Russia offers three basic types of ARM for export, each available in several variants. The Kh-25MP and Kh-25MPU are the current versions of the Kh-27 (AS-12 KEGLER). Weighing 310 kg and 320 kg respectively at launch, they have a maximum range of 40 km, and carry a 90.6 kg blast/fragmentation warhead. Two patterns of seeker can be used, depending on the target to be engaged.

The -25MP and -25MPU were followed into service by the Kh-58 series (AS-11’KILTER’) third-generation ARMs. The Kh-58E is the basic export model, a 650 kg weapon with a range of 120 km for a high-altitude launch or 36 km at low altitude. It can be fitted with any one of five alternative seekers according to the type of radar to be targeted. Fielded in the early 1990s, the Kh-58U introduced modified tail fins and an improved rocket motor that doubled its range. The Kh-58UShKE incorporates folding aerodynamic surfaces that make it compatible with internal carriage in an aircraft weapons bay fitted with UVKU-50 type launchers. It guidance system teams a passive broadband seeker and a strapdown inertial navigation system. The Russians classify the seeker as operating in the “combined A/A’/B/B’/C frequency band”. These band designations do not match those used in the West, so seem to be a scheme used only in Russia. However, another statement by Rosoboronexport gives the seeker’s operating range as being against pulse emission mode emitters in the 1.2-11 GHz frequency range.

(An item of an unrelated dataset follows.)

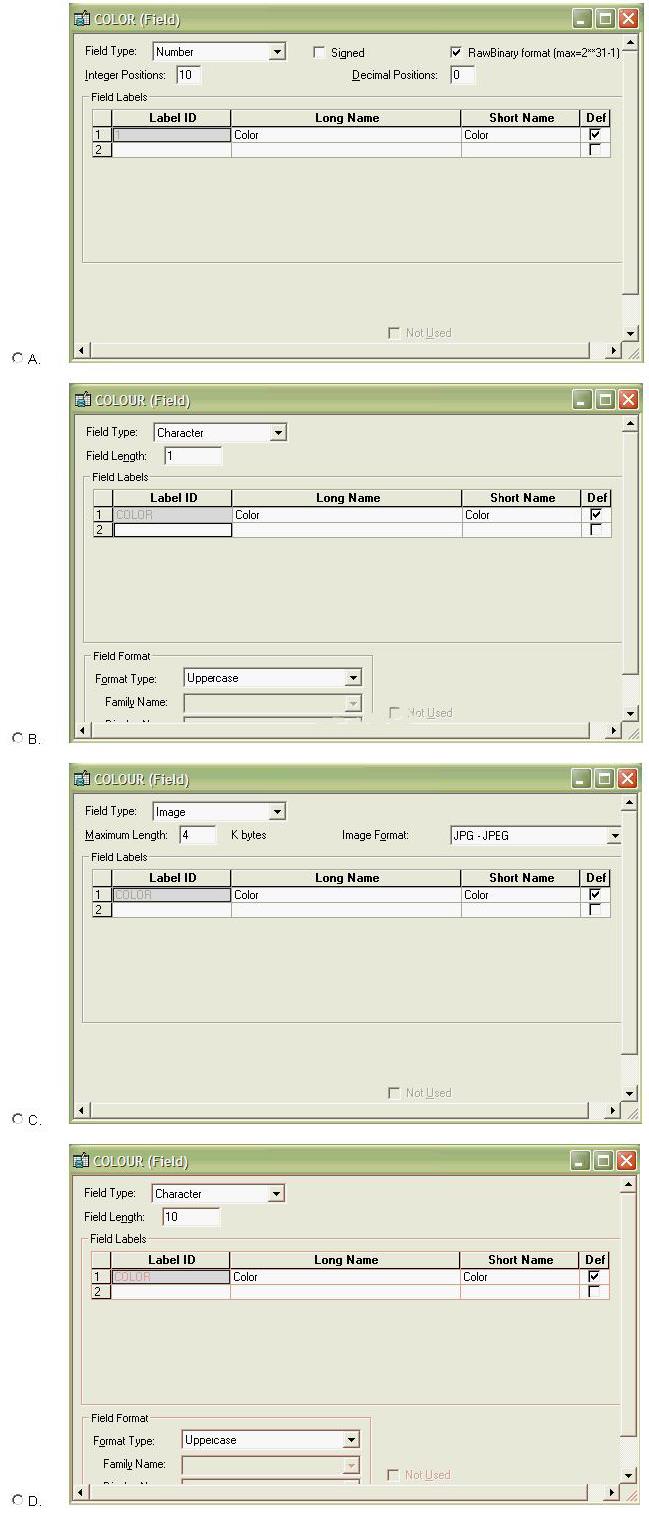 Select the field that might have associated translate values. Select the field that might have associated translate values. A. Exhibit A B. Exhibit B C. Exhibit C D. Exhibit D Show Hint ← Previous question Next question →
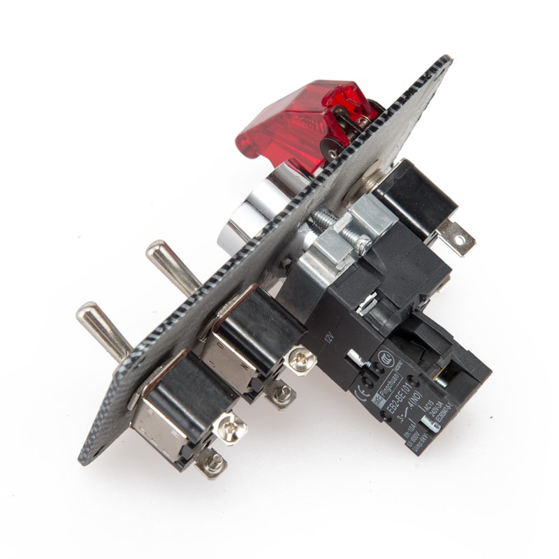 Univerzální panel s 3x spínači + tlačítko START v karbonovém stylu.

The Kh-31P is a 600 kg-class ramjet-powered weapon with a missile cruising speed of 1,000 m/sec, a maximum range of 110 km and an 87 kg warhead. It uses three optional seeker heads designated L-111, L-112, and L-113. According to Rosoboronexport, these operate in the frequency bands used by the continuous-wave and pulsed radars of surface-to-air missile and anti-aircraft artillery systems. Development of the Kh-31PK was completed in the late 1990s, but the project remained classified until 2006. This version retains the existing powerplant and control system, but used a improved version of the seekers, a proximity fuse is designed to be effective against antennas mounted 4-15 m above the ground, and a warhead of increased lethality. An improved seeker-cooling subsystem allows the missile to be carried on missions lasting up to four hours or more.
Production of the Kh-31PD started in 2012. It weighs 715 kg, has a range of up to 250 km and carries a 110 kg warhead. Its guidance system consists of what Rosoboronexport describes as a “wide waveband range passive radio homing head” plus an inertial system. Prior to launch it can be locked onto targets up to 15 degrees from the aircraft’s heading, and after launch can turn up to 30 degrees from its initial flight path.

Chinese Developments

China’s Hongdu Aviation Industry Corporation manufactures the Russian Kh-31P under the local designation YJ-91. The CATIC LD-10 is a more recent Chinese ARM programmeme, and is based on the PL-12 medium-range air-to-air missile. The active-radar seeker of the latter has been replaced by a passive-homing unit. Pakistan ordered the missile in 2011, and received an initial batch in 2016. The CM-102 supersonic ARM was shown for the first time at Airshow China 2014. Developed by CASIC and based on the PL-16A long-range air-to-air missile, it has maximum range of 100 km and carries an 80 kg warhead. The seeker covers the full range of frequencies from 2-18GHz. The CM-103 is even larger, and is reported to be able to deliver a 388 kg warhead over ranges of up to 100 km.

Having reached the final paragraphs of this article, the reader may still be trying to understand the relevance of its title. They may already be aware of the NATO radio calls “FOX TWO” and “FOX THREE” used to announce the launch of infrared-guided and AMRAAM-class missile. The equivalent for a HARM launch is “MAGNUM”, a word which if heard in a radio transmission can sometimes be enough to cause enemy radars to cease emitting. In today’s anti-radar game, the threat of an ARM launch can prove as combat-effective as having a missile en route.